Abstract. Spatiotemporal yield heterogeneity presents a significant challenge to agricultural sustainability efforts and can strain the economic viability of farming operations. Increasing soil organic matter (SOM) has been associated with increased crop productivity, as well as the mitigation of yield variability across time and space. Observations at the regional scale have indicated decreases in yield variability with increasing SOM. However, the mechanisms by which this variability is reduced remain poorly understood, especially at the farm scale. To better understand the relationship between SOM and yield heterogeneity, we examined its distribution between particulate organic matter (POM) and mineral-associated organic matter (MAOM) at the subfield scale within nine farms located in the central United States.
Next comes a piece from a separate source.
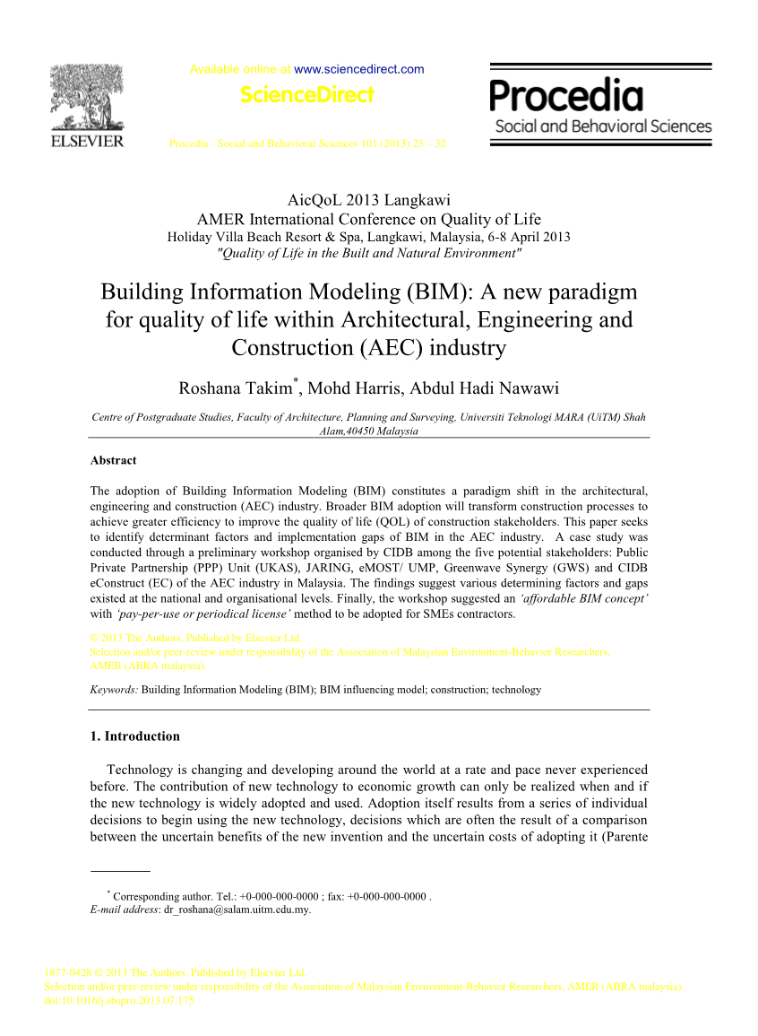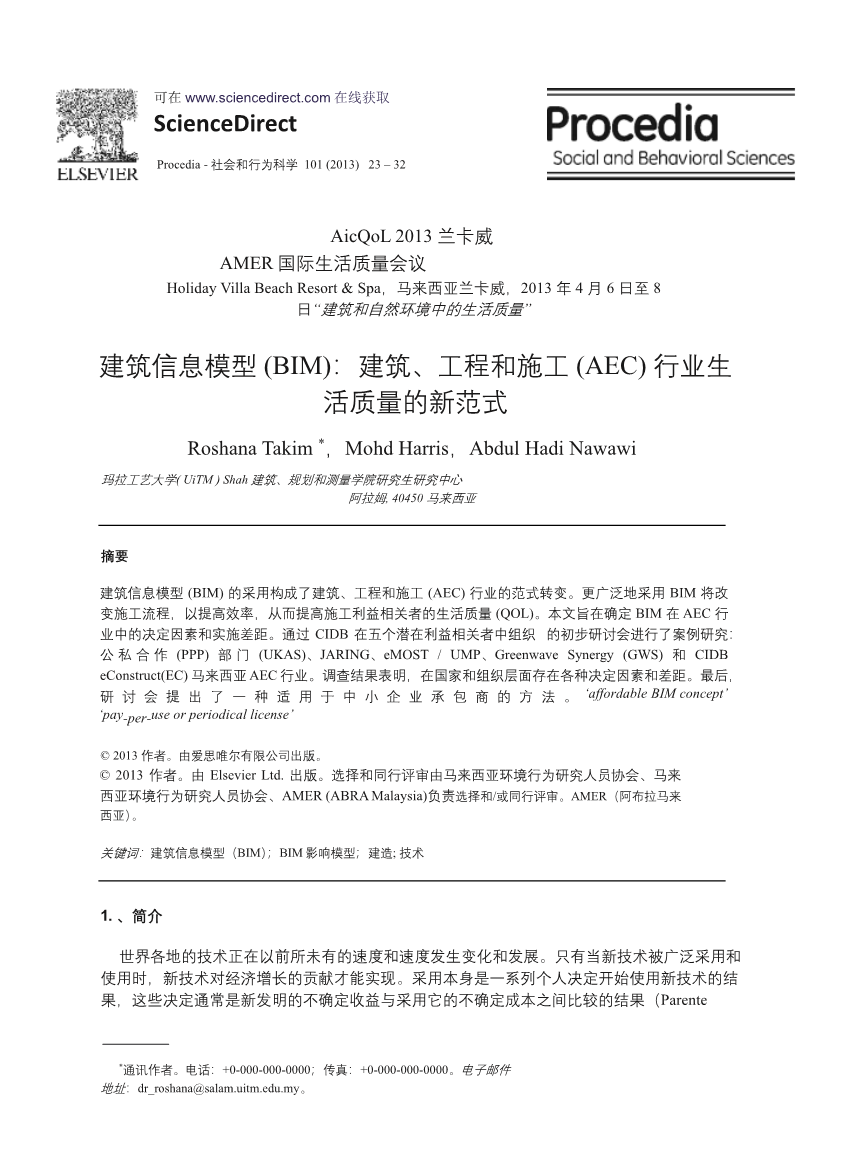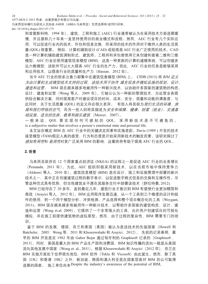 建筑信息模型(BIM):建筑、工程和施工(AEC)行业生活质量的新范式外文翻译资料

We expected that the highest SOM concentrations would be found in stable, high-yielding zones and that the SOM pool in these areas would have a higher proportion of POM relative to other areas in the field. In contrast to our predictions, we found that unstable yield areas had significantly higher SOM than stable yield areas and that there was no significant difference in the relative contribution of POM to total SOM across different yield stability zones. Our results further indicate that MAOM abundance was primarily explained by interactions between crop productivity and edaphic properties such as texture, which varied amongst stability zones. However, we were unable to link POM abundance to soil properties or cropping system characteristics. Instead, we posit that POM dynamics in these systems may be controlled by differences in decomposition patterns between stable and unstable yield zones. Our results show that, at the subfield scale, increasing SOM may not directly confer increased yield stability. Instead, in fields with high spatiotemporal yield heterogeneity, SOM stocks may be determined by interactive effects of topography, weather, and soil characteristics on crop productivity and SOM decomposition. These findings suggest that POM has the potential to be a useful indicator of yield stability, with higher POM stocks in unstable zones, and highlights the need to consider these factors during soil sampling campaigns, especially when attempting to quantify farm-scale soil C stocks.

中文翻译：

---

子田产量稳定区中颗粒物和矿物相关有机物组分的控制和丰度的变化

摘要。时空产量异质性对农业可持续发展工作提出了重大挑战，并可能限制农业经营的经济可行性。土壤有机质（SOM）的增加与作物生产力的提高以及随时间和空间的产量变异性的缓解有关。区域尺度的观察表明，随着 SOM 的增加，产量变异性降低。然而，人们对减少这种变异性的机制仍然知之甚少，特别是在农场规模上。为了更好地了解 SOM 与产量异质性之间的关系，我们在美国中部的 9 个农场的子田范围内检查了颗粒有机物 (POM) 和矿物相关有机物 (MAOM) 之间的分布。我们预计，最高的 SOM 浓度将出现在稳定的高产区，并且这些区域的 SOM 池中的 POM 比例相对于田间的其他区域更高。与我们的预测相反，我们发现不稳定产量区的 SOM 显着高于稳定产量区，并且不同产量稳定区 POM 对总 SOM 的相对贡献没有显着差异。我们的结果进一步表明，MAOM 丰度主要是通过作物生产力和土壤特性（例如纹理）之间的相互作用来解释的，而土壤特性在稳定区域之间存在差异。然而，我们无法将 POM 丰度与土壤特性或耕作系统特征联系起来。相反，我们假设这些系统中的 POM 动态可能是由稳定屈服区和不稳定屈服区之间分解模式的差异控制的。我们的结果表明，在子田规模上，增加 SOM 可能不会直接提高产量稳定性。相反，在时空产量异质性较高的田地中，SOM 储量可能由地形、天气和土壤特征对作物生产力和 SOM 分解的交互影响决定。这些发现表明，POM 有可能成为产量稳定性的有用指标，不稳定地区的 POM 储量较高，并强调在土壤采样活动期间需要考虑这些因素，特别是在尝试量化农场规模的土壤碳储量时。